8. Seccionamiento y tinción del microtomo de organoides dentales (Figura 2B y Figura 3A-C)

1. Seccionamiento microtomático de bloques de parafina que contienen organoides
   1. Cortar secciones de 5 μm de los organoides dentales en los bloques de parafina usando un microtomo.
   2. Coloque las rodajas de parafina sobre un portaobjetos de vidrio para microscopio. Coloque el portaobjetos de vidrio del microscopio sobre una placa caliente a 37 °C y cúbralo con agua desionizada con una pipeta Pasteur.
   3. Deje que el vaso del microscopio se seque durante la noche.
2. Tinción de secciones organoides dentales
   1. Desparafinar las secciones organoides (en el portaobjetos de vidrio del microscopio) en un horno durante 1 h a 58 °C.
   2. Rehidrate las secciones organoides (en el portaobjetos de vidrio del microscopio) en la serie EtOH decreciente dentro de la campana química en el siguiente orden:
      Xileno 2x durante 3 min cada uno
      100% EtOH 2x durante 3 min cada uno
      95% EtOH 2x durante 3 min cada uno
      90% EtOH 2x durante 3 min cada uno
      70% EtOH 3x durante 3 min cada uno
      PRECAUCIÓN: Use la campana química cuando trabaje con xileno.
   3. Enjuague el portaobjetos de vidrio del microscopio en agua del grifo durante 5 minutos en RT. Luego, enjuáguelo en PBS durante 5 minutos en RT.
   4. Realice la recuperación de antígenos colocando las secciones organoides (en el portaobjetos de vidrio del microscopio) en tampón de citrato precalentado (10 mM de ácido cítrico en agua desionizada con pH 6; en un recipiente de plástico; precalentado durante 10 min en un baño de agua de 95 °C) durante 30 min en un baño de agua de 95 °C.
   5. Deje que el portaobjetos de vidrio del microscopio se enfríe durante 20 minutos en RT. Enjuague el portaobjetos de vidrio del microscopio en PBS durante 5 minutos en RT, y luego en PBS que contenga 0.1% de Tritón-X (PBT) durante 5 minutos en RT.
   6. Utilice una pluma de marcado para crear una barrera hidrofóbica en los bordes de cada diapositiva.
   7. Bloqueo durante un mínimo de 1 h a RT en tampón de bloqueo (que contiene 1,5 mg/ml de glicina, 2 mg/ml de suero bovino de albúmina (BSA) disuelto en PBT) más suero de burro al 10%.
      NOTA: Por lo general, se necesitan 300 μL de tampón de bloqueo más un 10% de suero de burro por portaobjetos de vidrio del microscopio.
   8. Coloque el portaobjetos de vidrio del microscopio en una cámara húmeda. Use una caja hermética donde quepan todos los portaobjetos y moje algunos pañuelos de papel con agua para colocarlos en la parte inferior de la caja.
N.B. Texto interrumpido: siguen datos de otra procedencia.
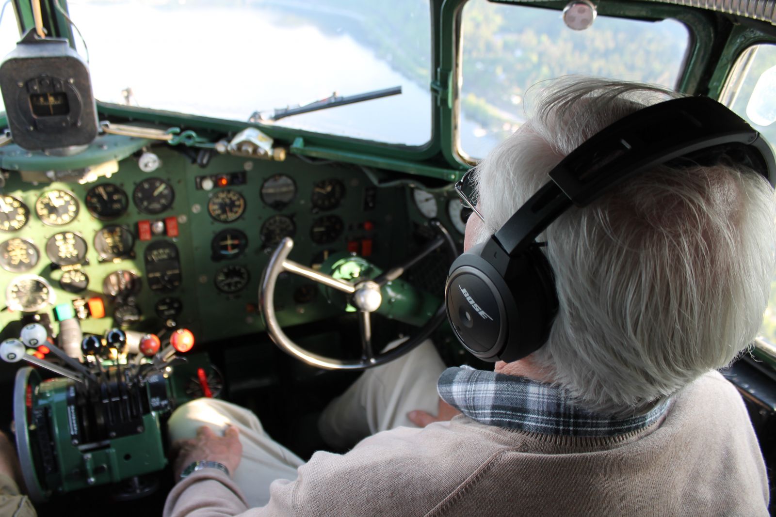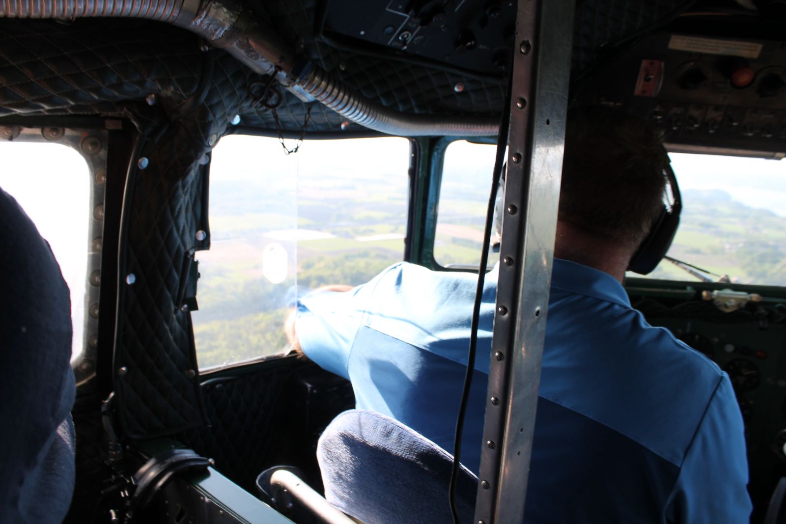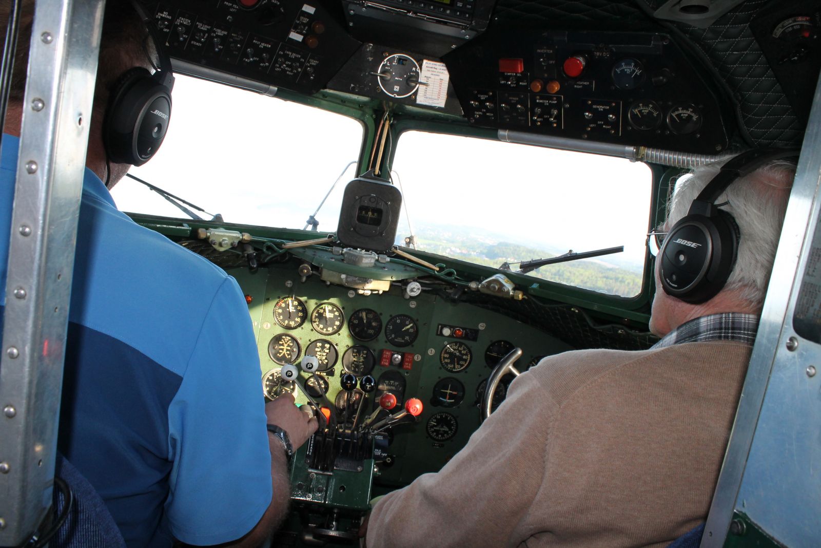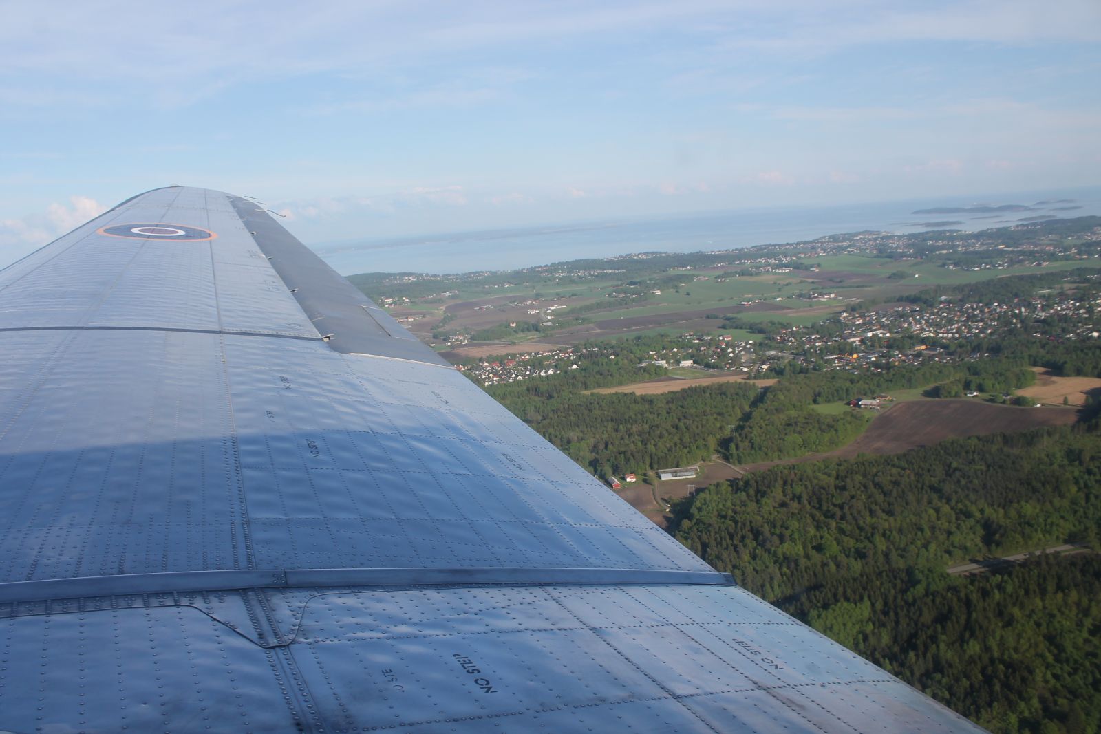 Mandag 27. mai opprant med et ufyselig vær. Vi hadde for mange måneder siden bestemt at denne dagen skulle vi fly Dakota. Utpå ettermiddagen sprakk skydekket opp og 19 mann kastet seg i klubbens buss og satte kursen for Torp. Innen vi kom dit var været helt strålende. Inn i den 70 år gamle maskinen strømmet vi forventningsfulle mannfolk. Flyet er voksen i alder, men den ene piloten ombord var eldre - han var 80 år. Samme pilot som fløy oss i 1993. Vi fløy kysten oppover, inn over Hurumlandet og opp Drammensfjorden. Gjorde en stor sving over Drammen, en stor sving over Konnerud før vi fortsatte videre til Hokksund og tok en æressving over der også. En drøy time med kos av høy kvalitet. Ingen frykt for gærninger i cocpit her, neida vi var alle der. Koselig og en smule eindommelig er det også å se piloten sitter med armen ut av vinduet. På vei hjem stoppet vi og nøt øl og krem på ei veikro. Bussen ble atter parkert under tak på Burud og en lang flott kvekld var brakt til ende. Stor suksess og jækla moro.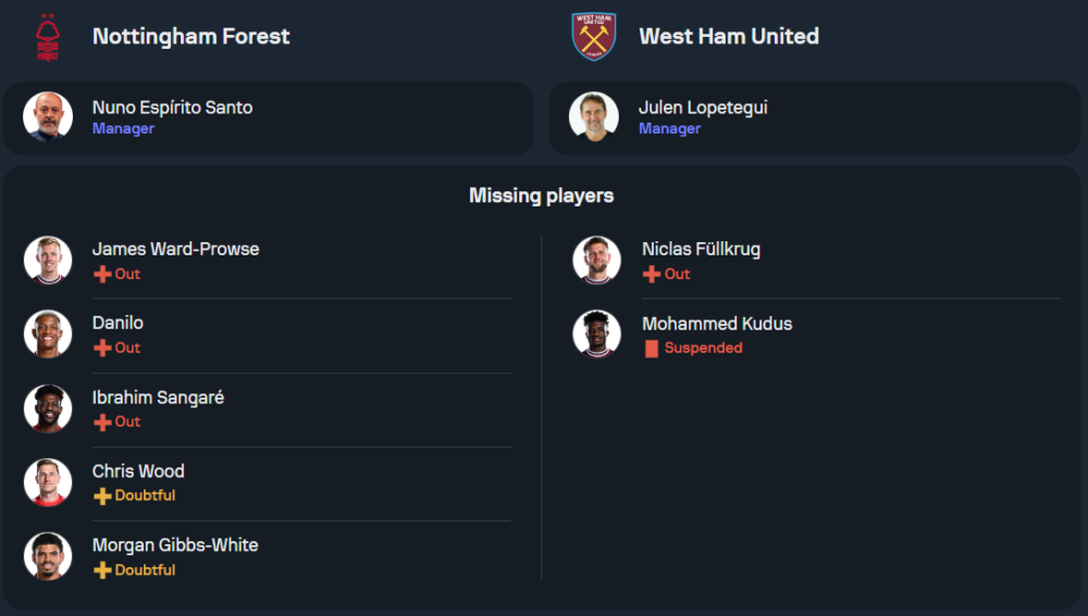 ในช่วงที่ผ่านมา น็อตติ้งแฮม ฟอเรสต์ และ เวสต์แฮม ยูไนเต็ด พบกันมาหลายครั้ง ซึ่งน่าสนใจตรงที่สถิติไม่ต่างกันมาก ล่าสุดเมื่อเดือนกุมภาพันธ์ 2024 ฟอเรสต์สามารถเก็บชัยชนะในบ้านด้วยสกอร์ 2-0 ขณะที่การเจอกันก่อนหน้านี้ในเดือนพฤศจิกายน 2023 เป็นเวสต์แฮมที่ชนะ 3-2 การพบกันทั้งหมด 10 นัดหลังสุด ฟอเรสต์ชนะ 5 นัด และเวสต์แฮมชนะ 5 นัด สถิติที่ใกล้เคียงกันเช่นนี้ ทำให้เกมนี้เต็มไปด้วยความท้าทาย

Esto evitará que las diapositivas se sequen durante los pasos de tinción posteriores.
   9. Retire el tampón de bloqueo, agregue el anticuerpo primario (Tabla 6) preparado en tampón de bloqueo más suero de burro al 1% e incube el portaobjetos cubierto con solución de anticuerpos durante la noche en la cámara húmeda a 4 ° C. Vuelva a hacer el borde de la pluma de marcado si es necesario.
   10. Lave el portaobjetos de vidrio del microscopio tres veces en PBT a RT durante 10 minutos con una mezcla suave en un agitador orbital (75-150 rpm).
   11. Añadir el anticuerpo secundario (Tabla 6), preparado en tampón de bloqueo más suero de burro al 1%, e incubar durante 1 h en la cámara húmeda a RT.
   12. Retire el tampón de bloqueo y lave el portaobjetos de vidrio del microscopio tres veces en PBT a RT durante 10 minutos con una mezcla suave en un agitador orbital.
   13. Agregue el medio de montaje antifade con DAPI (1 a 3 gotas) en una cubierta de vidrio y monte esto en la parte superior de las secciones organoides (en el portaobjetos de vidrio del microscopio). Proceda con la toma de imágenes; conservar los portaobjetos durante un máximo de 1 semana a 4 °C.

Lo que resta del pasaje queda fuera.